At least, it would be convenient to reap the benefits of QML: HW acceleration, for example.

I personally don't care for QML. I would prefer to write everything in C++. But that's me. If there was a "no-QML-Quick-API" I'd be so much happy. No more gluing code and properties and questions like this: https://stackoverflow.com/questions/66618613/qml-c-classes-with-bring-your-own-component I could just use what I know: C++... The talk Volker linked in this thread talks a lot about "working easily with your designers". But I'm just me... So the team point is moot. I also don't have a background as frontend engineer, so I never bothered to learn JS. I guess it's implicit that this is another advantage of QML. Just take the armies of frontend devs that exist in the web design market and employ them on GUI applications, cheaper than a C++ programmer. Likewise, that sure is a reason of why Electron and web backends on JS are so popular (and the results so disastrous, sometimes). Some seem to agree with me: https://github.com/uwerat/qskinny

But I think the "dream" is the same feature set as QWidgets as Qt Quick Controls. And some things to make desktop usage actually decent, like native dialogues and especially menus. So that on Macs the menu goes to the top bar (also on some GNU/Linux graphical configurations), etc etc. When I look at frameworks from like the .net ecosystem, which is growing so fast, I see exactly that. Practical example: https://avaloniaui.net/ is totally rendered with SKIA#, but there is http://reference.avaloniaui.net/api/Avalonia.Controls/NativeMenu/. Also, allowing the window to resize without it glitching all over, and other desktop/productivity things.
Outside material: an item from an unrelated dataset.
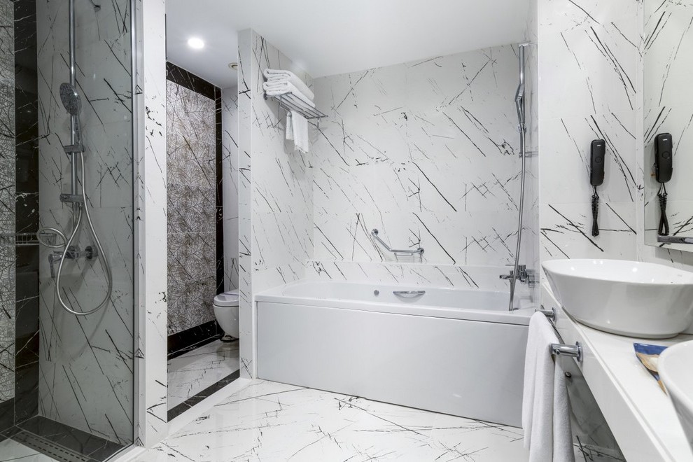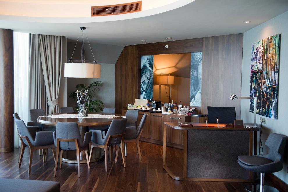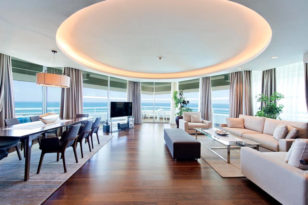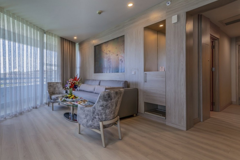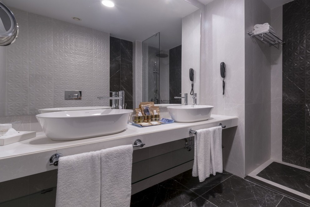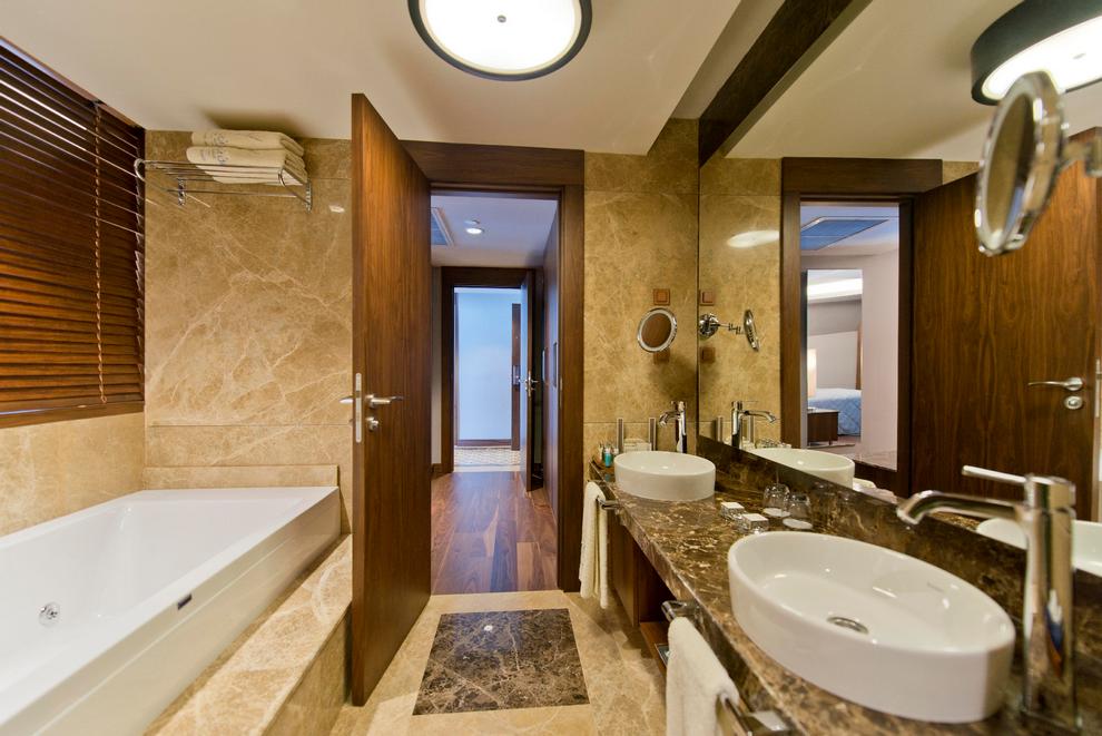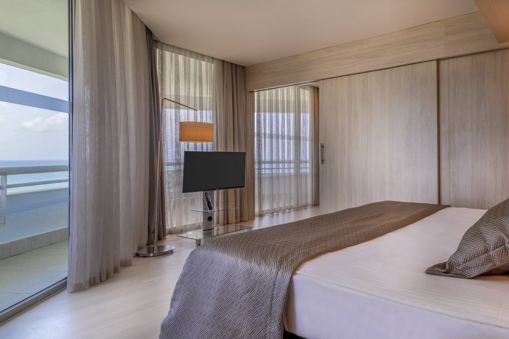 Хотелът се състои от една 7-етажта сграда (5 асансьора), в която са разпределени 401 климатизирани стаи: 6 Deluxe Family Suite (55 кв.м), 19 Deluxe Junior Suite (43 кв.м), 16 Deluxe Family Doublex Room (47 кв.м), 2 Deluxe Royal Suite (81 кв.м), 4 Deluxe Grand Suite (61 кв.м), 67 Deluxe Land View (28 кв.м) и 263 Deluxe Sea View (28 кв.м). Всички стаи са оборудвани с телефон, сателитна телевизия, минибар, машина за кафе Nespresso, сейф, ютия и дъска за гладене, баня с вана/душ, сешоар, безплатни тоалетни принадлежности, кантар, Wi-Fi . Почистване на стаите - всеки ден. Смяна на спално бельо - на всеки два дни.

Or, in reverse, if the RHI backend for QWidgets really comes to life, and QWidgets keeps receiving some love to be up standard with the latest OSes, and receive a public RHI Painter API instead of QOpenGLWidget, and look decent on hi-dpi, that's a winning product right there. In my opinion, anyway...

That said, I wouldn't support scrapping what's already done. Just improving it. Like the native look and feel in QML actually going somewhere, and having a feature-equivalent set to QWidgets for desktop work.

Rui

Em 21/04/2021 16:48, Giuseppe D'Angelo via Interest escreveu:
On 21/04/2021 17:42, Jason H wrote:
Personally, I think the exsting QtQuick element should be scrapped and just focus on QML versions of the existing Widget functionality. I love the QML syntax, hate that it's not just a layer on top of widgets.
That said, I still really like both.

Do you mean something like this

https://github.com/KDAB/DeclarativeWidgets

or actually reimplementing the widgets themselves?